The performance of collection jobs using custom packages depends on the optimization of those packages. Ensure that the packages are optimized for the scale of deployment before uploading them to Cisco Crosswork. For information on how to validate custom MIBs and YANGs that can be uploaded to Crosswork Network Controller, see Use Custom MIBs and Yangs on Cisco DevNet.

Procedure

Step 1

From the main menu, choose Administration > Data Collector(s) Global Settings > Custom packages.

Step 2

In the Custom packages page, click Add icon.

Step 3

In the Add custom packages window that appears, select the type of package you want to import from the Type drop-down.

Step 4

Click in the blank field of File name to open the file browser window and select the package to import and click Open.

Step 5

Add a description of the package in the Notes field. We recommend including a unique description for each package to easily distinguish between them.

Step 6

Click Upload.

Step 7

Restart all the impacted services to get the latest custom MIB package updates.
Delete Custom Package

When you remove a custom package from Cisco Crosswork, all YANG and XAR files are automatically deleted. Removing custom packages affects all collection tasks that rely on the custom package.
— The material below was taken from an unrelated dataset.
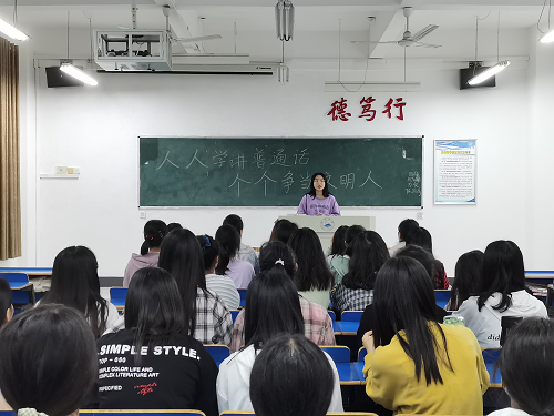 在B1826班,班长向同学们讲到,推广普通话、规范汉字关系到国家的主权和尊严,祖国的统一和民族的团结,以及社会的发展和进步。在世界舞台上,普通话是中国的声音,同时是树立中国形象的体现。

Follow the steps to delete a custom package:

Procedure

Step 1

From the main menu, choose Administration > Data Collector(s) Global Settings > Custom Packages.

Step 2

From the list displayed in the Custom Packages pane, select the package you want to delete and click Delete icon.

Step 3

In the Delete Custom Package window that appears, click Delete to confirm.

Configure Global Parameters

The Global Parameters window allows you to update the port across all the data collectors in the network.


Note
These settings can only be accessed by an admin user.

Procedure

Step 1

From the main menu, navigate to Administration > Data Collector(s) Global Settings > Global Parameters.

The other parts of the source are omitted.